The name "Fairmount" derives from the prominent hill on which the Philadelphia Museum of Art now sits and where William Penn intended to build his manor house. Later, the name was applied to the street originally called Hickory Lane that runs from the foot of Fairmount Hill through the heart of the neighborhood.
A handful of European settlers farmed the area in the 17th, 18th, and early 19th century, when Fairmount was still outside Philadelphia's city limits. Prominent city families established country seats there as well, including Bush Hill, White Hall, and Lemon Hill, the last of which still stands overlooking the Schuylkill River. Fairmount was originally in Penn Township, which was subsequently divided, putting the future neighborhood in the newly created Spring Garden District until 1854 when it was incorporated into the City of Philadelphia.
During the American Revolution, British soldiers occupying Philadelphia built defensive works starting on the hill of Fairmount and continuing several miles along a line just south of present-day Fairmount Avenue to the Delaware River. Their purpose was to prevent American troops under George Washington from attacking them from the north, the only side of the city not protected by water.
Signs of urban expansion appeared in the early 19th century, when three large, innovative, and internationally recognized institutions were located in the district. The first of these was the Fairmount Dam and Water Works at the foot of Fairmount Hill. Beginning in 1822, the Water Works used waterpower to pump water from the Schuylkill River into reservoirs on the top of Fairmount Hill, from where it flowed by gravity into city homes and businesses. An engineering wonder, it was also an architectural and scenic attraction. Its buildings, which included a restaurant, are among the earliest examples of Greek Revival architecture in the United States. Protection of the municipal drinking water that the Water Works pumped was the impetus for the purchase of lands along the Schuylkill that later became Fairmount Park, one of the world's largest municipal park systems. Charles Dickens listed the Water Works as one of the two things he particularly wanted to see while in Philadelphia.
The other was Eastern State Penitentiary, less than half a mile away on Fairmount Avenue. The prison opened in 1829, [5] the first prison in the country built specifically with the intention of reforming rather than simply punishing criminals. The prison's hub-and-spoke layout was also a first, and became the model for hundreds of prisons around the world (it was often called the "Pennsylvania Model"). Its unique system of solitary confinement for all prisoners did not, however. Intended to provide prisoners relief from the overcrowding and squalor of other prisons and give them time to reflect on their crimes, it led instead to intense despair and sometimes insanity among the inmates and was roundly condemned by Dickens when he visited. [6]
In 1831, these two innovative institutions were joined by a third: Girard College. This school was founded in accordance with the will of Stephen Girard, possibly the wealthiest man in America at the time of his death. Himself an orphan, he wanted to create a model institution for educating poor orphaned white boys at a time when universal public education did not yet exist.

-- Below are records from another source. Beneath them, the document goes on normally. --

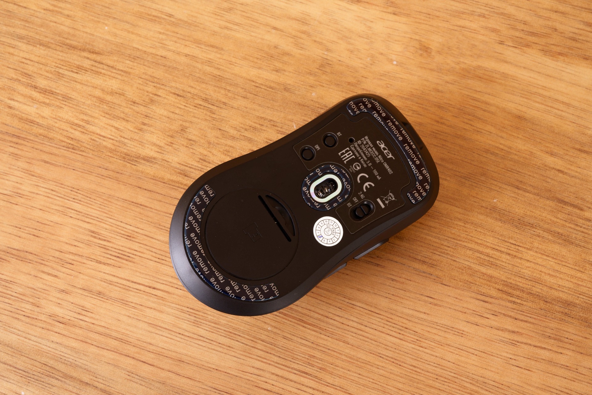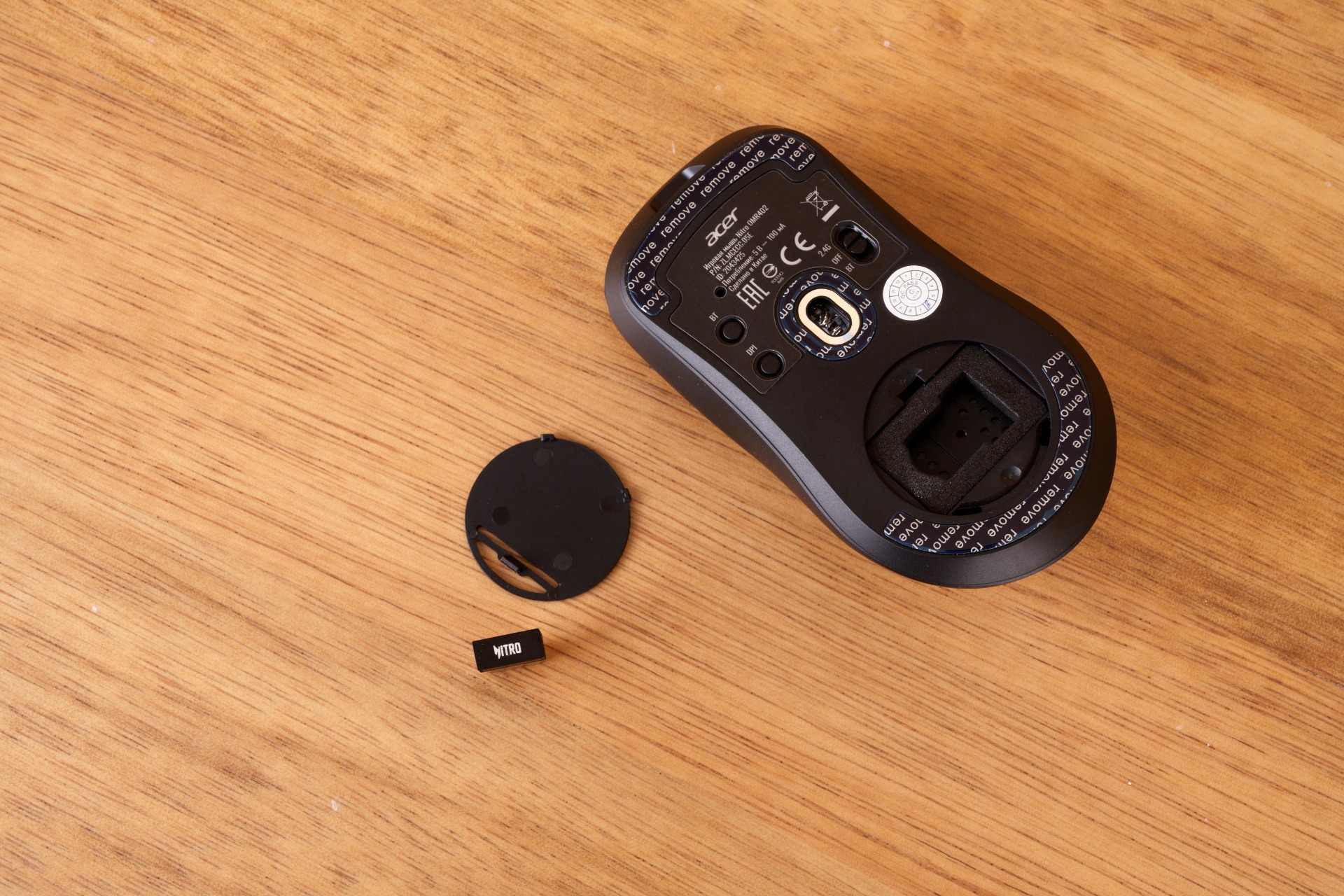 Перевернем мышь. На днище расположены три небольшие тефлоновые ножки: две по краям и одна возле оптического сенсора. Рядом с сенсором находятся кнопки переключения DPI и Bluetooth-сопряжения. На противоположной стороне предусмотрен физический тумблер для смены режимов работы. А чуть ниже сенсора скрывается круглый отсек с магнитной крышкой — внутри лежит USB-донгл для беспроводного подключения на частоте 2.4 ГГц.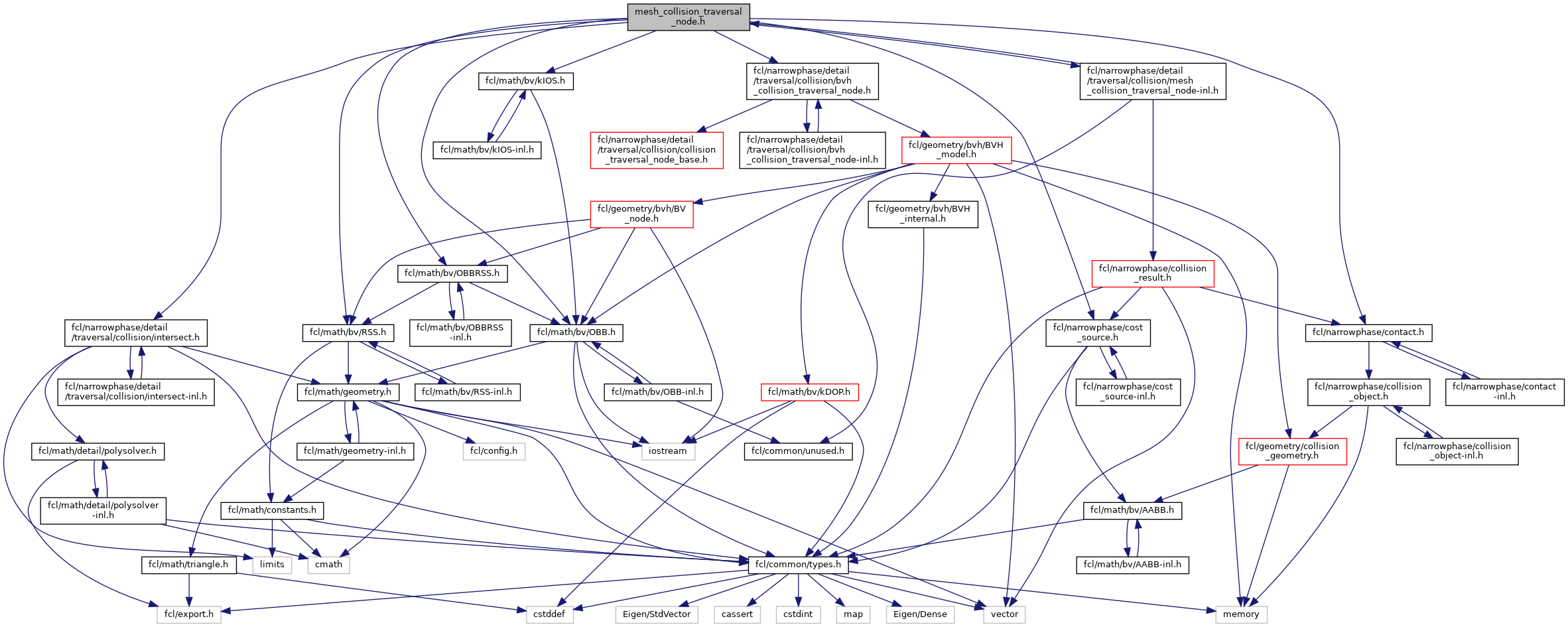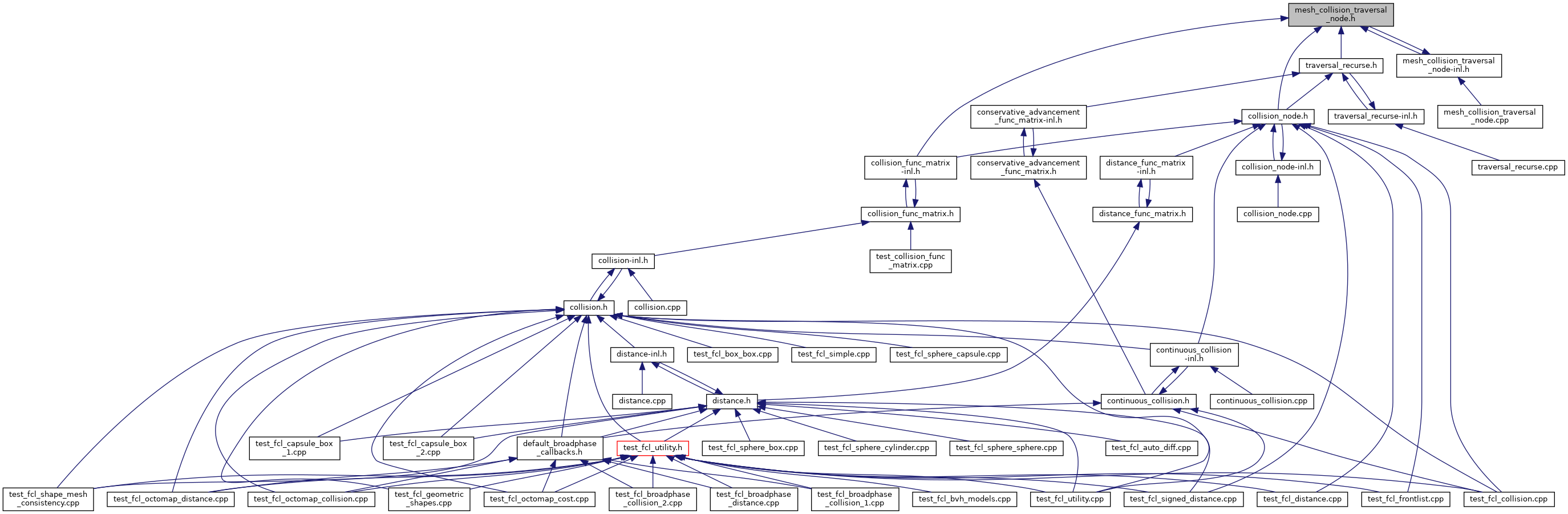 FCL_EXPORT void | fcl::detail::meshCollisionOrientedNodeLeafTesting (int b1, int b2, const BVHModel< BV > *model1, const BVHModel< BV > *model2, Vector3< typename BV::S > *vertices1, Vector3< typename BV::S > *vertices2, Triangle *tri_indices1, Triangle *tri_indices2, const Matrix3< typename BV::S > &R, const Vector3< typename BV::S > &T, const Transform3< typename BV::S > &tf1, const Transform3< typename BV::S > &tf2, bool enable_statistics, typename BV::S cost_density, int &num_leaf_tests, const CollisionRequest< typename BV::S > &request, CollisionResult< typename BV::S > &result) |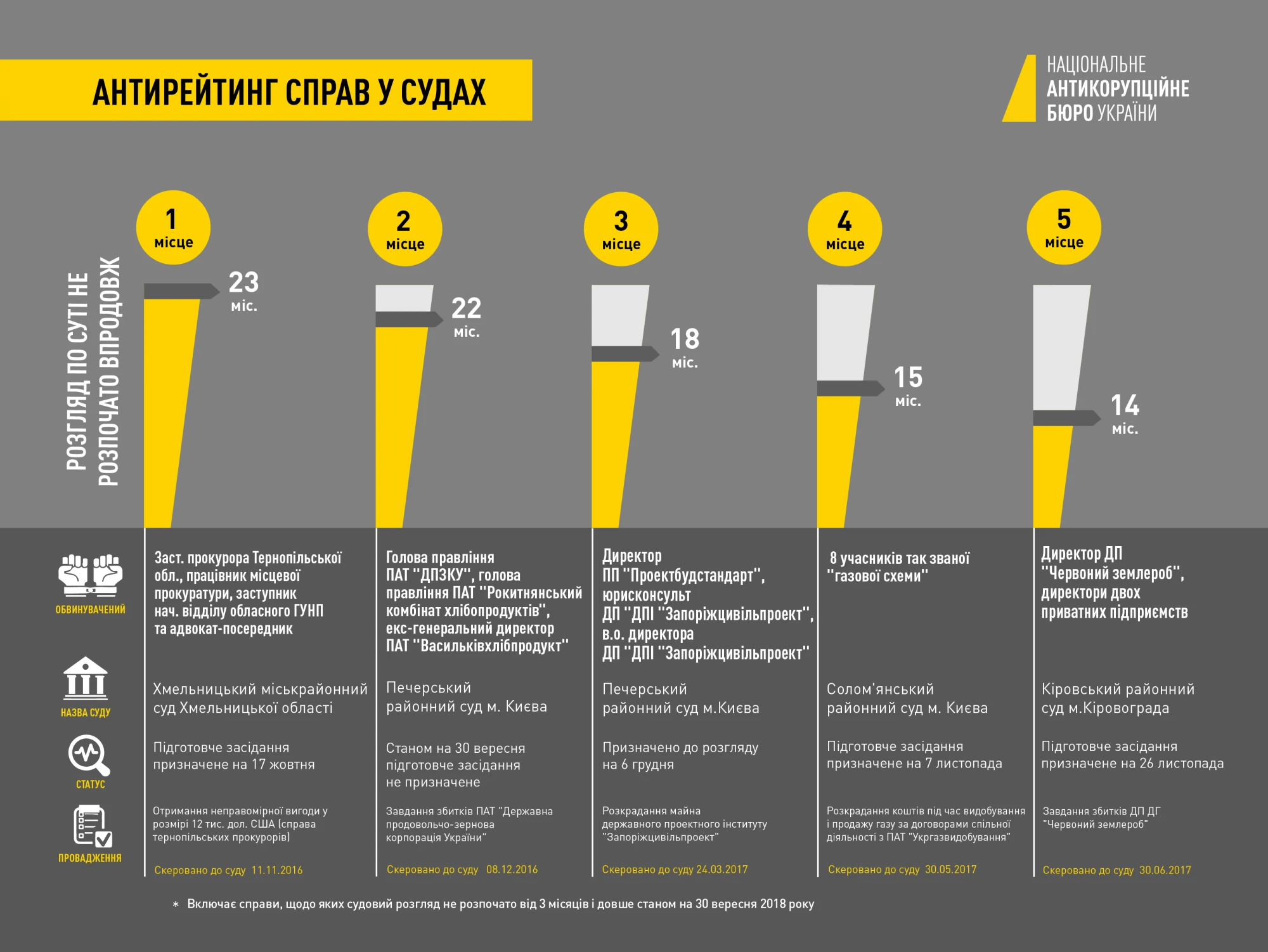 На жаль, в очікуванні результатів деякі провадження від НАБУ і САП припадають пилом майже два роки. Так, наприклад, так звана «справа тернопільських прокурорів» за обвинуваченням посадовців в отриманні неправомірної вигоди вже 22 місяці перебуває у судових інстанціях, а її розгляд по суті досі не розпочато. Схожа ситуація з провадженням за фактом завдання збитків «Державній продовольчо-зерновій корпорації України». Засідання не може відбутися з грудня 2016 року.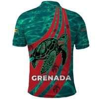 Grenada Sea Turtle Polo Shirt with Red Wave Stripes and Ocean Water Background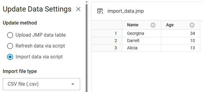 Tip: Before a user can import data, a Data Admin must set the update method and create a script. See Create an Import Script.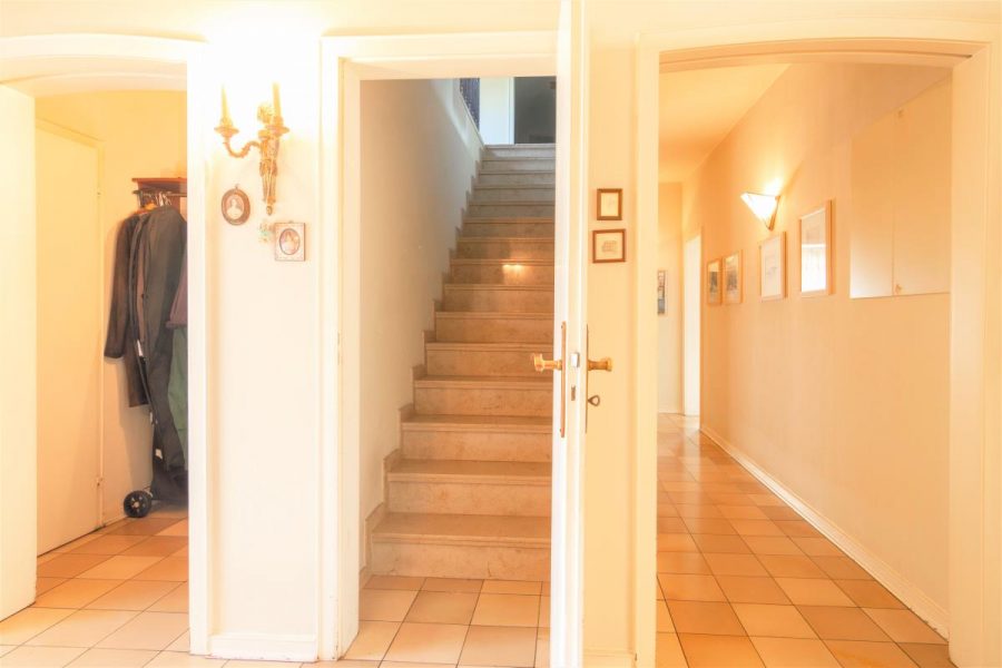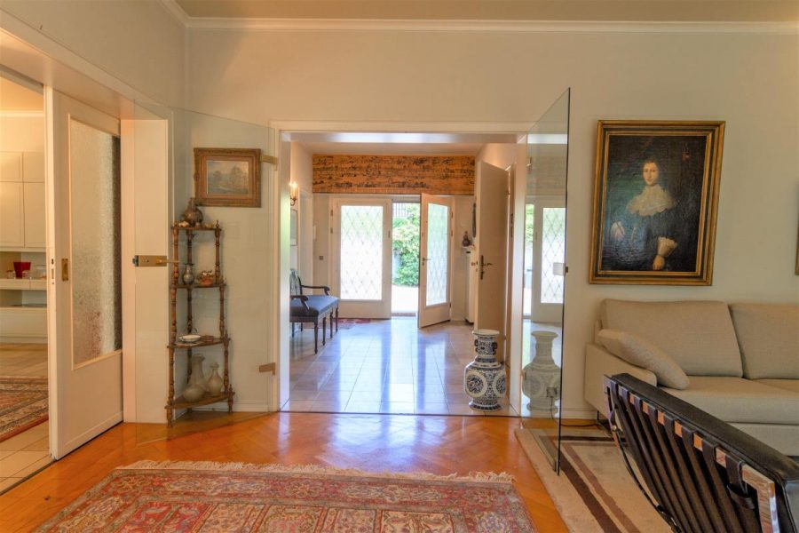 Das Haus befindet sich auf einem ca. 2.000 m² großen Parkgrundstück in Westausrichtung. Dazu gehört eine Doppelgarage sowie eine Einzelgarage, die Sie über eine großzügige Auffahrt von der Straße erreichen. Das Haus wurde 1957 erbaut. Die Außenwände wurden nachträglich durch eine Klinkersteinfassade wärmegedämmt.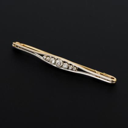 7 zargengefasste Altschliff-Diamanten im Verlauf, zwischen 2-stegiger Nadel. Hakenverschluss mit Kippsicherung

The executor of Girard's estate was another prominent and wealthy Philadelphian, Nicholas Biddle, former US Secretary of the Treasury, who commissioned the building of Founders Hall in honor of Girard. The Hall is the first example of true Greek Revival architecture in the United States and is, like both the Water Works and Eastern State Penitentiary, a National Historic Landmark. In 1968 Girard College entered the nation's awareness again when the United States Supreme Court altered Girard's will by striking the words "poor, male, white, orphan" and set a major precedent for equal access to education for all Americans.
These three institutions were built when Fairmount was still a rural suburban district of Philadelphia. Beginning in the 1830s, the city itself began to grow beyond its original boundaries, and a mixture of homes and factories sprang up on the district's southern fringes. The Baldwin Locomotive Works, the nation's largest maker of locomotive engines, was located on the southeastern edge of the future Fairmount neighborhood and was a major factor in development of the neighborhood south of Fairmount Avenue in the 1840s, 50s, and 60s.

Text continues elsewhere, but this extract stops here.